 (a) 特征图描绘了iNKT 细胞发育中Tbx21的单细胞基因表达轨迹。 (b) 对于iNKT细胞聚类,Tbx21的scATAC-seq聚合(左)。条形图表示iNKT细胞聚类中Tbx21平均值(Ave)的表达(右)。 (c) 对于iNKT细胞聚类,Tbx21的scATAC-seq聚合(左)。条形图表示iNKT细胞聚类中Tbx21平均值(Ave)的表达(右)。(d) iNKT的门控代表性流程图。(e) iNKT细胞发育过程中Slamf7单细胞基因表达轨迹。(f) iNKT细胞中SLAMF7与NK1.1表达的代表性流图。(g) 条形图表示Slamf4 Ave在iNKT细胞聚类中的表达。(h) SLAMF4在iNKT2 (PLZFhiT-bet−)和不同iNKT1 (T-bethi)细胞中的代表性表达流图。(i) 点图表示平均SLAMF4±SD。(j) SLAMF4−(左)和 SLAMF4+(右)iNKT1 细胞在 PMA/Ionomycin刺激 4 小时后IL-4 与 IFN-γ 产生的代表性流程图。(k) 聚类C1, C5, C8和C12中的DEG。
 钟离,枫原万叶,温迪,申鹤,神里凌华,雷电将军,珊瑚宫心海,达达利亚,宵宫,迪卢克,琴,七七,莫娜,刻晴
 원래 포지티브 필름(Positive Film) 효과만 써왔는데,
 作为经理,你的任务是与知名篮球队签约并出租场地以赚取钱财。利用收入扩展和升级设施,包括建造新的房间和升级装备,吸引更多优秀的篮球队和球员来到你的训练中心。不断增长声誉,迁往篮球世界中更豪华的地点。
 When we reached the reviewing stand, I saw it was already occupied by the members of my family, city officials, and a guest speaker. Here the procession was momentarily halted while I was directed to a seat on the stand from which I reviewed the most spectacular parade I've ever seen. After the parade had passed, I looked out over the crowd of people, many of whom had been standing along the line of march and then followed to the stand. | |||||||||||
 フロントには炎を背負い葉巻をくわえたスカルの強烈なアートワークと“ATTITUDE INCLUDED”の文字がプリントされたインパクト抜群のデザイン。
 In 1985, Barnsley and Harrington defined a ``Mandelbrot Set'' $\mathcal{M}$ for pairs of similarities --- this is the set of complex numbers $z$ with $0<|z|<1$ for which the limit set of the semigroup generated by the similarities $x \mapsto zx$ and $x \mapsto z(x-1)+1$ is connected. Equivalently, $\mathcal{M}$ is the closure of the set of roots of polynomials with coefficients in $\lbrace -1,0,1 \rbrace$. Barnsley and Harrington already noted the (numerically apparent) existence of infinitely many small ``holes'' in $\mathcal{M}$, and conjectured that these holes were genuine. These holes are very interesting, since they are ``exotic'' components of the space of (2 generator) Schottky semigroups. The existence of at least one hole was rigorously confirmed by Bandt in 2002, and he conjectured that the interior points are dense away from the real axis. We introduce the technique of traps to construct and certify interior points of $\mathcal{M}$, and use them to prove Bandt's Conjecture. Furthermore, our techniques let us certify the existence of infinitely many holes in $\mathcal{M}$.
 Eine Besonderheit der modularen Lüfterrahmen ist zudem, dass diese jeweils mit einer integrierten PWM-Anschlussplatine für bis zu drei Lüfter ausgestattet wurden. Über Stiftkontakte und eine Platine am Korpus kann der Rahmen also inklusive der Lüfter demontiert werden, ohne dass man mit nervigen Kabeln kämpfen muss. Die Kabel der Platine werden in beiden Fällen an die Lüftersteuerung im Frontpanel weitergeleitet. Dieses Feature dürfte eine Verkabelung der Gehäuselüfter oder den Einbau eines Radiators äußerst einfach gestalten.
========================
Lines from the top of the data above through the line with "フロントには炎を背負い葉巻を", both ends included: copy them exactly, nothing more.

■ Solution to the exercise
 (a) 特征图描绘了iNKT 细胞发育中Tbx21的单细胞基因表达轨迹。 (b) 对于iNKT细胞聚类,Tbx21的scATAC-seq聚合(左)。条形图表示iNKT细胞聚类中Tbx21平均值(Ave)的表达(右)。 (c) 对于iNKT细胞聚类,Tbx21的scATAC-seq聚合(左)。条形图表示iNKT细胞聚类中Tbx21平均值(Ave)的表达(右)。(d) iNKT的门控代表性流程图。(e) iNKT细胞发育过程中Slamf7单细胞基因表达轨迹。(f) iNKT细胞中SLAMF7与NK1.1表达的代表性流图。(g) 条形图表示Slamf4 Ave在iNKT细胞聚类中的表达。(h) SLAMF4在iNKT2 (PLZFhiT-bet−)和不同iNKT1 (T-bethi)细胞中的代表性表达流图。(i) 点图表示平均SLAMF4±SD。(j) SLAMF4−(左)和 SLAMF4+(右)iNKT1 细胞在 PMA/Ionomycin刺激 4 小时后IL-4 与 IFN-γ 产生的代表性流程图。(k) 聚类C1, C5, C8和C12中的DEG。
 钟离,枫原万叶,温迪,申鹤,神里凌华,雷电将军,珊瑚宫心海,达达利亚,宵宫,迪卢克,琴,七七,莫娜,刻晴
 원래 포지티브 필름(Positive Film) 효과만 써왔는데,
 作为经理,你的任务是与知名篮球队签约并出租场地以赚取钱财。利用收入扩展和升级设施,包括建造新的房间和升级装备,吸引更多优秀的篮球队和球员来到你的训练中心。不断增长声誉,迁往篮球世界中更豪华的地点。
 When we reached the reviewing stand, I saw it was already occupied by the members of my family, city officials, and a guest speaker. Here the procession was momentarily halted while I was directed to a seat on the stand from which I reviewed the most spectacular parade I've ever seen. After the parade had passed, I looked out over the crowd of people, many of whom had been standing along the line of march and then followed to the stand. | |||||||||||
 フロントには炎を背負い葉巻をくわえたスカルの強烈なアートワークと“ATTITUDE INCLUDED”の文字がプリントされたインパクト抜群のデザイン。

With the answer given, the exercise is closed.